Dynamin phosphorylation controls optimization of endocytosis for brief action potential bursts

1) The authors employ a powerful strategy of transgene expression in a dynamin knockout background. As a control, it is important to determine whether or not the KO of dynamin 1 itself affects the observed acceleration of endocytosis rates (e.g., please add data on WT and dynamin 1 KO to Figure 4C).

Our reasoning for using the dynamin 1/3 KO as the background in which we would reintroduce mutant dynamins is based on the following:

A) The single dynamin 1 KO had a remarkably subtle phenotype (Ferguson et al. Science 2007; Raimondi et al Neuron 2011) owing to the fact that there is sufficient dynamin 3 to allow normal endocytosis. Only upon removal of forms does one see a significant impact on endocytosis.

B) While less well characterized, dynamin 3 also contains a similar phospho-box motif as dynamin 1 (Larsen et al. Mol. Cell Proteomics 2004). As a result we felt that any result that would be obtained in the dynamin-1 KO would be difficult to interpret until the phosphorylation cycle of dynamin 3 has been better characterized. We have attempted to clarify this in the text.

Regarding including control data in Figure 4C: we have made many versions of this figure trying to decide what to include. While we agree with the reviewers’ suggestion that is would enhance the comparison, visually it makes it difficult with all 4 overlapping traces. Since the control trace is already included in Figure 4B, we have left it unchanged.

2) The authors probe the consequences of altered stimulus number. The effect of stimulation frequency should be addressed. For example, does one see acceleration for 25APs at 40Hz vs. 100 APs at 40Hz?

We have now included a dataset for 30 Hz stimulation. As expected this condition shifts the minimum endocytosis time to smaller stimuli and makes it difficult to resolve, similar to what happened at lower temperatures. This endocytosis curve (10,15,25,50,100AP) at 30Hz is included in Figure 2–figure supplement 2. The acceleration is clearly present when compared to the 1AP time constant; however, the minimum is below 15AP and cannot be clearly resolved as expected for conditions that lead to greater accumulation of intracellular calcium.

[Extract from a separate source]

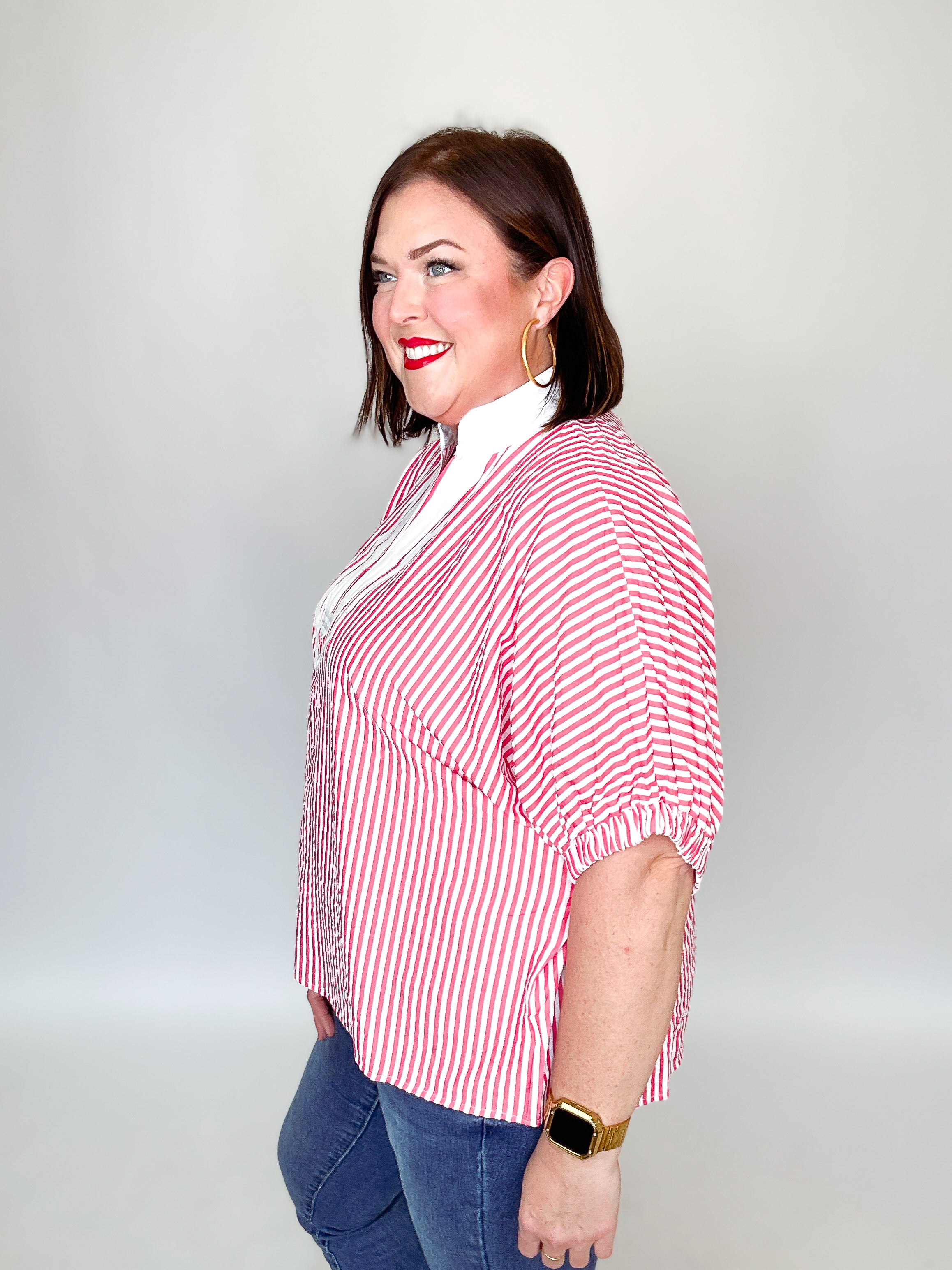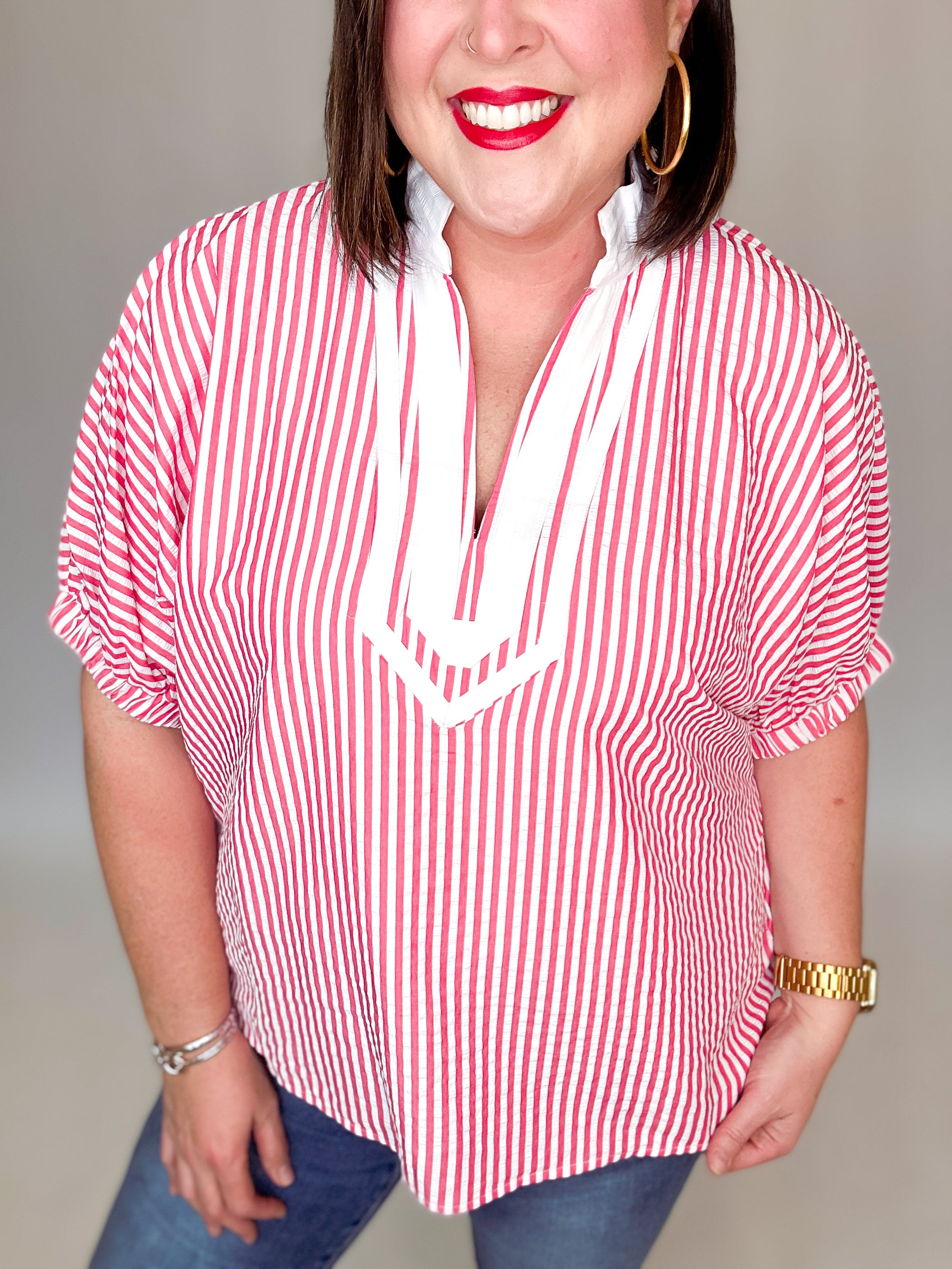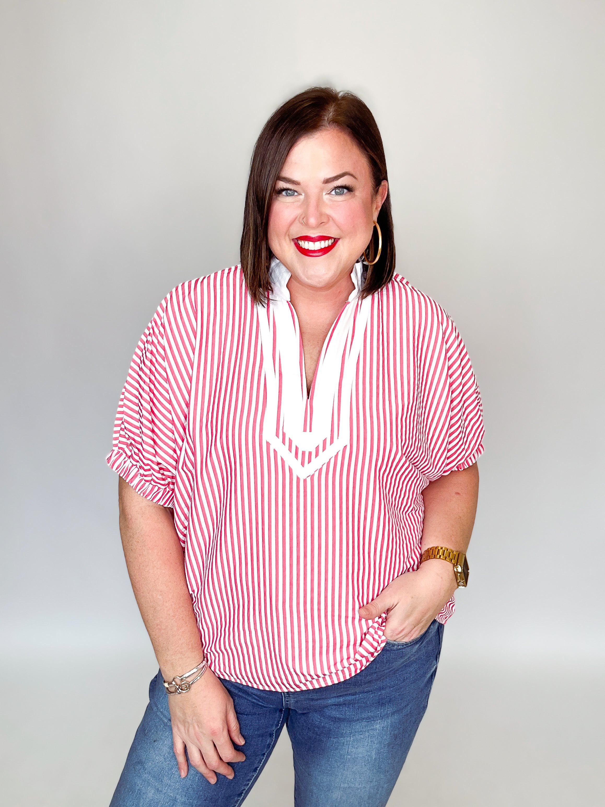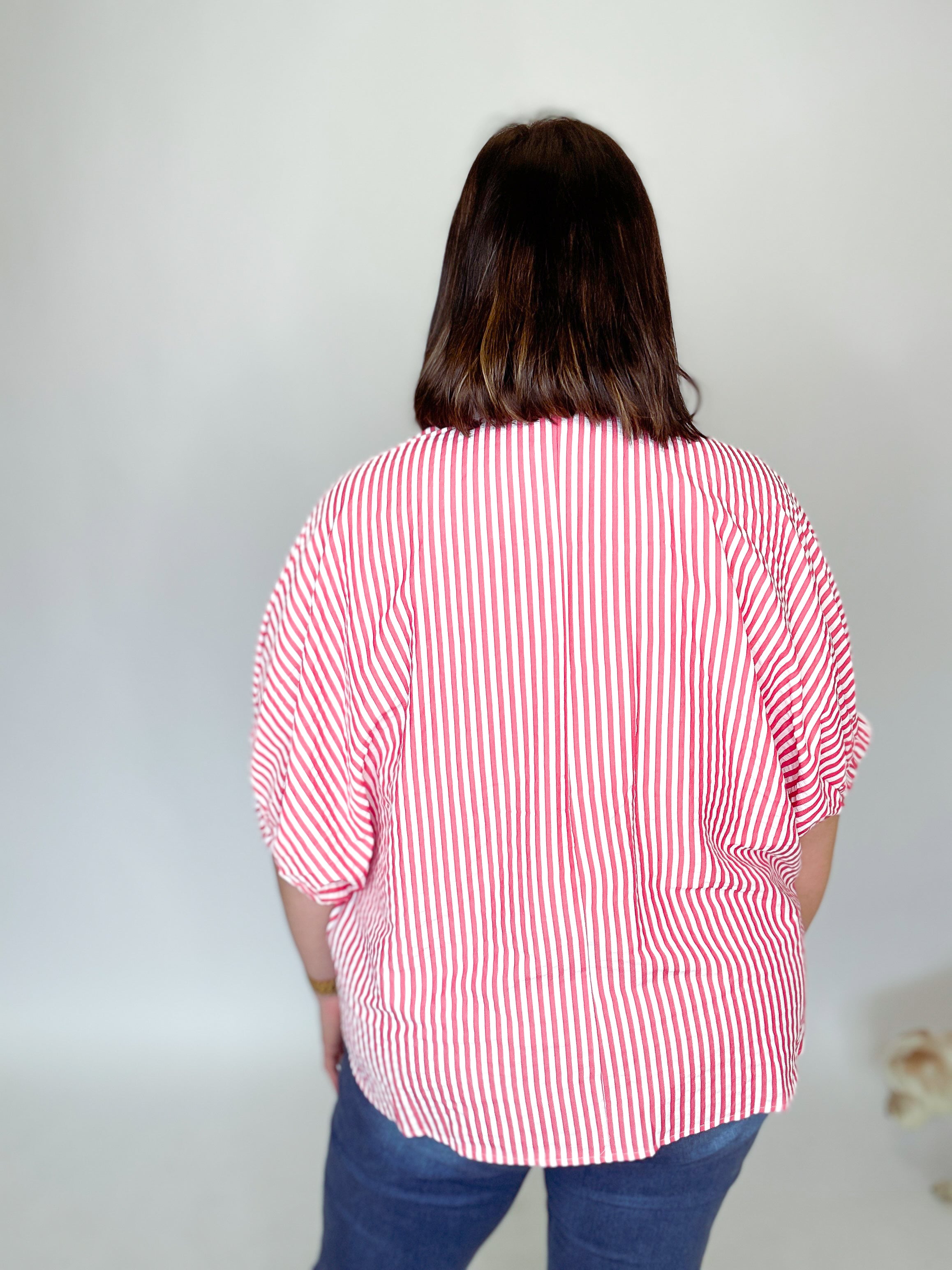 Effortless sophistication meets everyday comfort in this striped dolman top from Entro. The contrast V-neck panel adds refined detail, while the lightweight woven fabric drapes beautifully without clinging. Unlined and non-sheer, it's designed for confident, all-day wear. Perfect layered or worn solo, this piece transitions seamlessly from casual to polished occasions.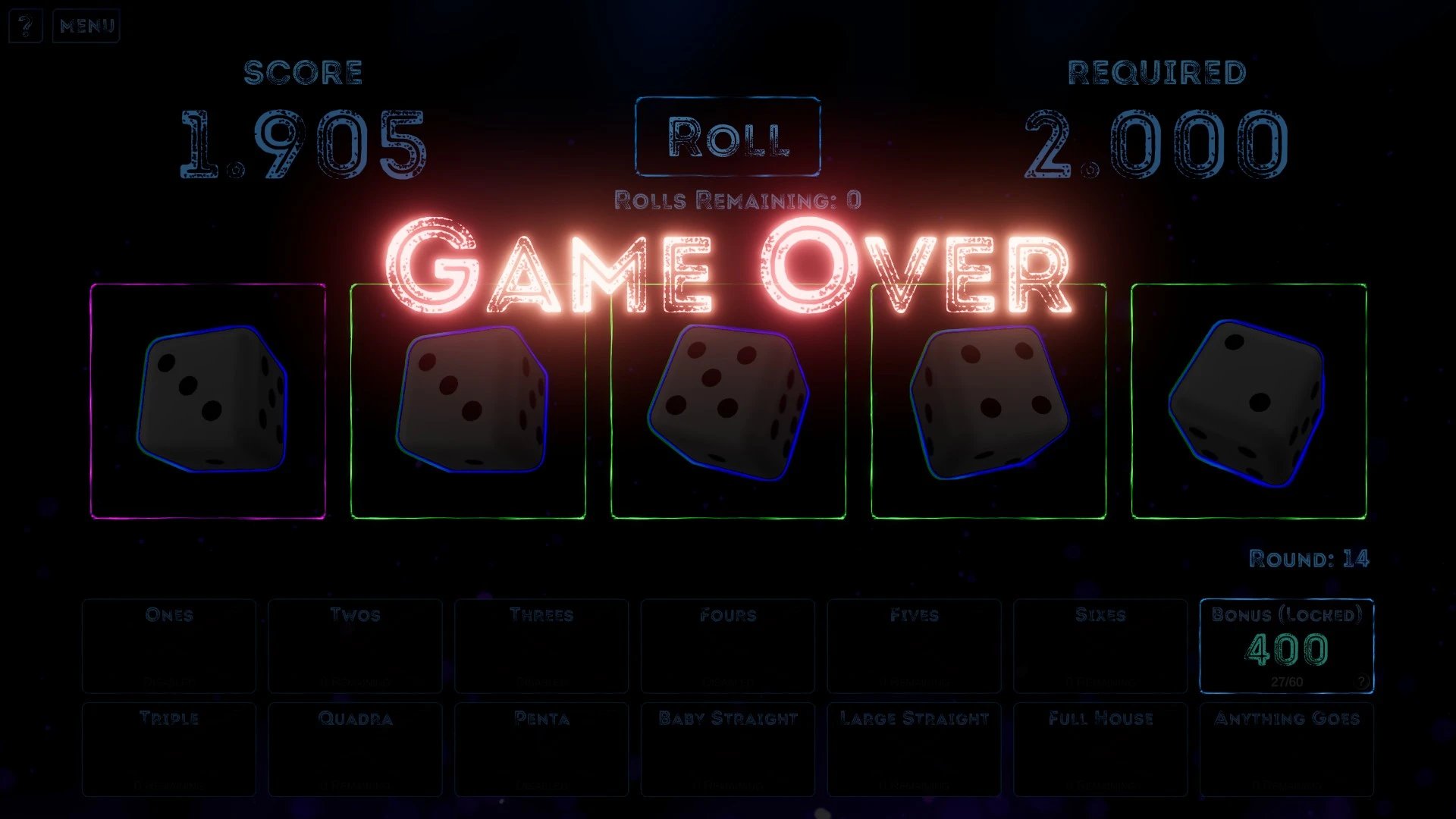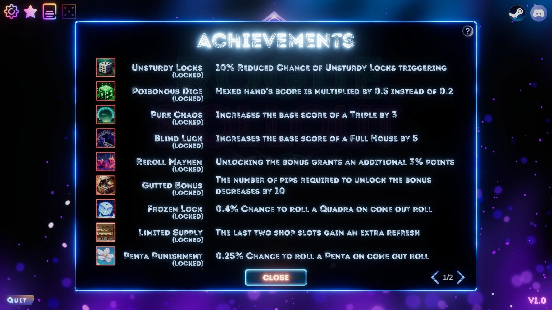 Rogue Rollout se encuentra en un fase de playtest, y es importante que el desarrollador reciba toda la retroalimentación necesaria. Este es un titulo que tiene potencial de convertirse en un excelente titulo, pero que necesita seriamente un rebalanceo de todas sus mecánicas. Por el momento, no podemos recomendar Rogue Rollout, tiene demasiados elementos que destruyen la diversión en un juego de azar, y una mala implementación de elementos rogue-like que convierten cada partida en un reinicio constante para conseguir los efectos que uno requiere. Esperemos que a futuro podamos revisitar este titulo y darle una nueva puntuación.

3) There has been debate among the reviewers regarding whether it is necessary to show an effect on short-term synaptic plasticity. As highlighted by the authors in the Introduction, an implication of altered endocytic rate is that it will impact the dynamics of short-term synaptic release properties. However, the reviewers acknowledge that this study focuses on endocytic mechanisms, and that future studies will be necessary to explore the impact on short-term synaptic plasticity. In particular, determining the precise contribution of changing endocytic rate to short-term release dynamics will not be trivial, in part because it will be necessary to dissociate the effects of altered endocytic rate from other influences on release dynamics including calcium dynamics and vesicle pool dynamics. As such, this is best left to a future study.

However, it does seem appropriate to include more explicit control data regarding basic properties of synaptic vesicle release that could be understood from existing pHluorin experiments in the existing experimental system. This should be done to control for effects on gross neurotransmitter release and/or pool sizes in the wild type and transgenic rescue experiments. Please show this information for neurons expressing WT dynamin 1, phosphomimetic dynamin 1, and phosphorylation-deficient dynamin 1.

We have included controls on the recycling pool size and the vesicle release rate for the various dynamin 1-rescue conditions in Figure 4–figure supplement 1.